L’antique « route de la soie » reliait l’Iran à la côte syrienne en traversant l’Irak et en passant par Palmyre. Il est géographiquement impossible d’ouvrir d’autres grandes voies de communication à travers le désert. Par conséquent, la ville est devenue l’enjeu central de la guerre en Syrie. Après avoir été occupée durant un an par Daesh, elle a été libérée par l’Armée arabe syrienne et vient d’accueillir deux concerts, télévisés en Syrie et en Russie, pour célébrer la victoire sur le terrorisme.

Voici plus de cinq ans que la Syrie est en guerre. Ceux qui ont soutenu ce conflit l’expliquaient au départ par l’extension des « printemps arabes ». Mais plus personne aujourd’hui ne tient ce discours. Simplement parce que les gouvernements issus de ces « printemps » ont déjà été renversés. Loin d’être une aspiration démocratique, ces événements n’étaient qu’une tactique de changement des régimes laïques au profit des Frères musulmans.

On prétend désormais que le « printemps » syrien a été détourné par d’autres forces ; que la « révolution » —qui n’a jamais existé— aurait été dévorée par des jihadistes bien réels.

Ainsi que l’a fait remarquer le président Vladimir Poutine, au premier abord, le comportement des Occidentaux et des pays du Golfe est incohérent. Il est impossible sur le champ de bataille de combattre à la fois les jihadistes et la République et de prétendre se positionner sur un troisième côté. Or, nul ne choisit publiquement son camp, de sorte que la guerre se poursuit.

La vérité est que cette guerre n’a pas de cause intérieure. Elle est le fruit d’un environnement non pas régional, mais global. Lorsqu’elle fut déclarée par le Congrès US en votant le Syrian Accountability Act, en 2003, l’objectif de Dick Cheney était de faire main basse sur les gigantesques réserves de gaz du pays. On sait aujourd’hui que le « pic pétrolier » du crude oil ne marque pas la fin du pétrole et que Washington va bientôt exploiter d’autres formes d’hydrocarbures dans le golfe du Mexique.
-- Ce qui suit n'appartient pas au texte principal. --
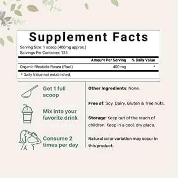 This 50-gram pouch offers you a concentrated supply of pure rhodiola powder – equivalent to over four months worth of servings when using just one scoop of approximately 400mg per serving. It’s an ideal choice not only for enhancing physical performance and stamina but also for boosting mood and alleviating anxiety. Carefully formulated without any fillers, preservatives, or artificial flavors, this supplement is certified non-GMO, ensuring that you’re only incorporating pure, wholesome ingredients into your daily routine.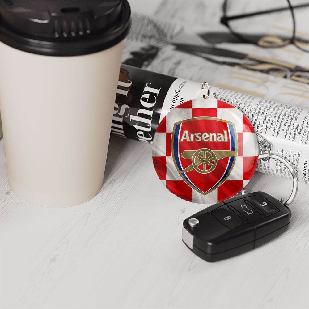 خندالو جاکلیدی باشگاه آرسنال را با استفاده از روکش سلفون حرارتی مات مخملی ضدخش تولید می کند که خاصیت ضدخش بودن آن، کمک میکند تا عمر مفید استفاده از جاکلیدی ها افزایش پیدا کند و با یک خراش ساده مثل برخورد سطح ناخن با محصول، دچار و خط و خش نشود.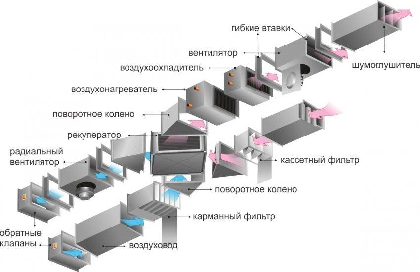 Технология проветривания при двух точках притока и оттока не имеет сложностей в монтаже воздуховодов.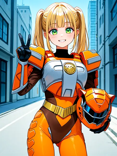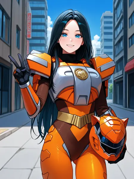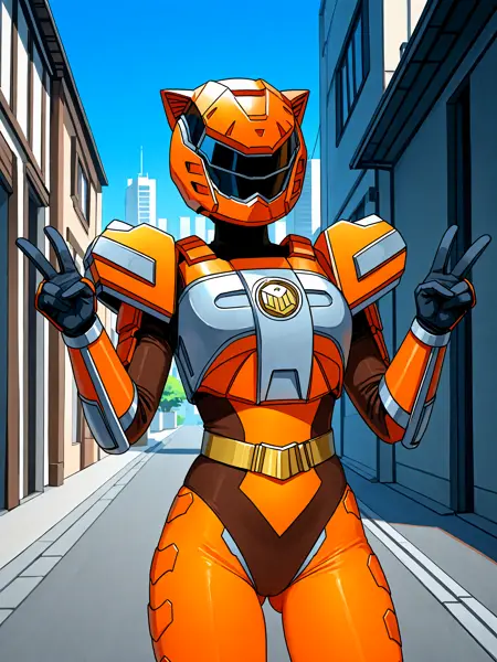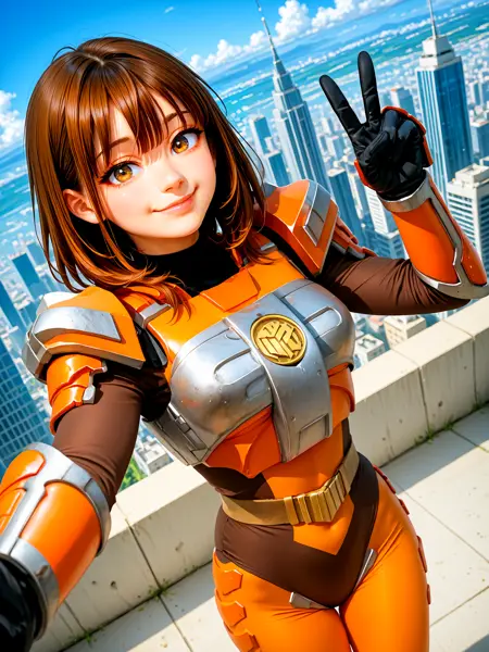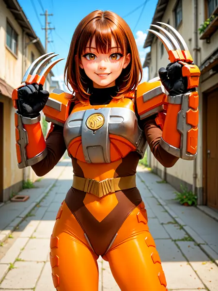 sazervisuel, orange bodysuit, brown leotard, belt, armor, gauntlets, black gloves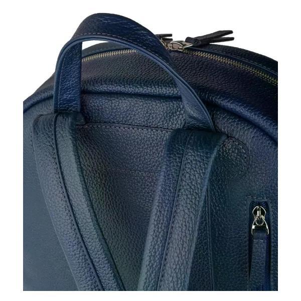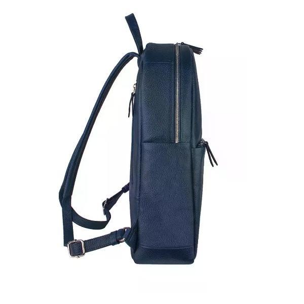 Городской рюкзак бренда SAAJ для ноутбука 14 дюймов из натуральной кожи синего цвета. Закрывается на молнию. Фирменная шелковистая подкладка с нанесением логотипа. Внутри основного отделения отделение для ноутбука 14 дюймов (32,3*21,5 см) и формата А4, карман на молнии и один открытый карман для мелочи. На лицевой стороне накладной карман на молнии. На задней стенке карман на молнии. Максимальная длина плечевых ремней 81 см, минимальная длина 65 см. Изделие упаковано в тканевый мешок.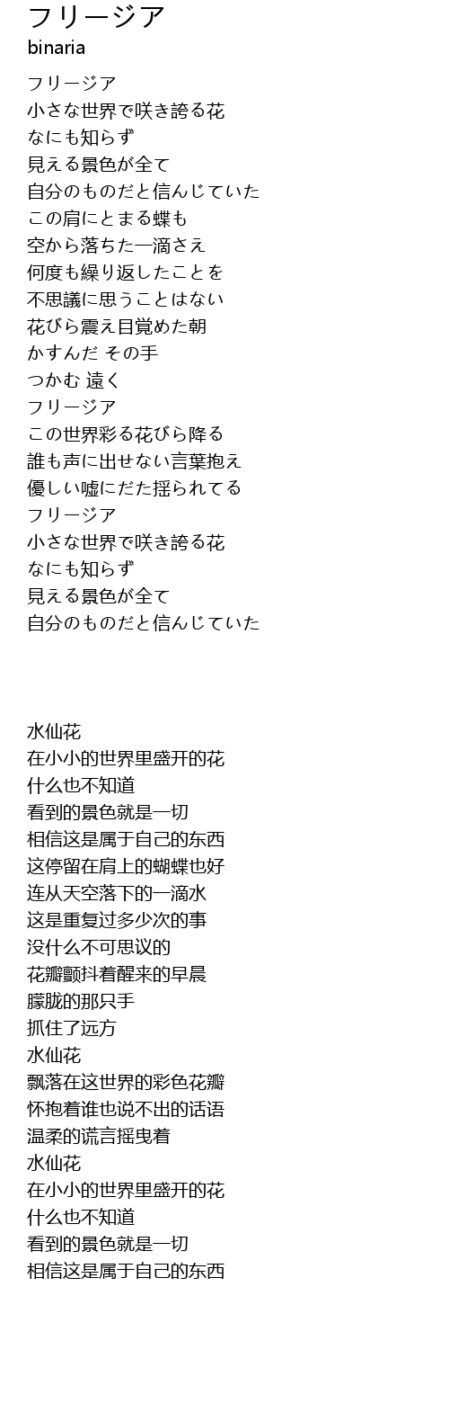 | [01:54.821] | 小さな世界で咲き誇る花 |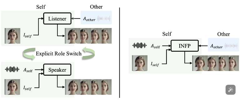 现有的交互式头部生成(左)采用手动角色分配和显式角色切换。我们提出的 INFP(右)是一个统一的框架,可以动态、自然地适应各种对话状态。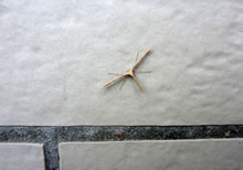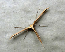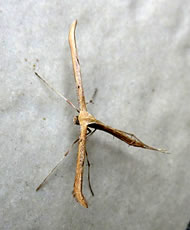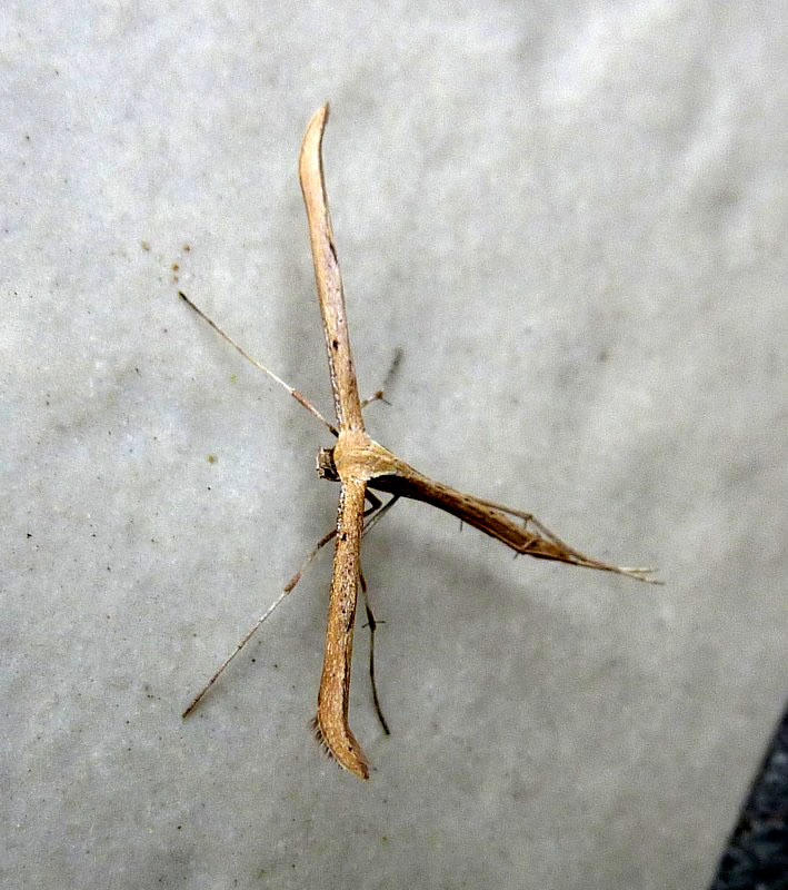 To Huus heff ik denn rutfunnen, dat dat en Federfalter is. Sien Naam is Emmelina monodactyla ut de Familie Federgeistchen. Wat hett doch de Fussel för smucke Naams! Bit lang heff ik den Naam Emmelina blots as Naam för Deerns kennt. De Biller köönt Se per Klick

L’objectif stratégique des États-Unis a donc changé. Désormais, c’est de contenir le développement économique et politique de la Chine et de la Russie en les forçant à commercer exclusivement par les voies maritimes que contrôlent leurs porte-avions.

Dès son arrivée au pouvoir, en 2012, le président Xi Jinping a annoncé l’intention de son pays de s’affranchir de cette contrainte et de construire deux routes commerciales continentales vers l’Union européenne. La première sur l’antique tracé de la route de la soie, la seconde via la Russie jusqu’en Allemagne. Immédiatement deux conflits ont surgi : d’abord la guerre en Syrie n’a plus eu comme objectif de changer le régime, mais de créer le chaos, tandis que le même chaos s’installait sans plus de raison en Ukraine. Puis, la Biélorussie s’est rapprochée de la Turquie et des États-Unis étendant au Nord la coupure de l’Europe en deux. Ainsi, deux conflits sans fin coupent les deux routes.

La bonne nouvelle, c’est que personne ne pourra négocier une victoire en Ukraine contre une défaite en Syrie car les deux guerres ont le même objectif. La mauvaise nouvelle, c’est que le chaos continuera sur les deux fronts tant que la Chine et la Russie ne seront pas parvenues à construire un autre axe de communication.

Par conséquent, il n’y a rien à espérer d’une négociation avec des gens qui sont payés pour faire durer le conflit. Mieux vaudrait faire preuve de pragmatisme, accepter l’idée que ces guerres ne sont que des moyens pour Washington de couper les routes de la soie. Ce n’est qu’à ce moment là qu’il sera possible de démêler les nombreux intérêts en jeu et de stabiliser toutes les zones habitées.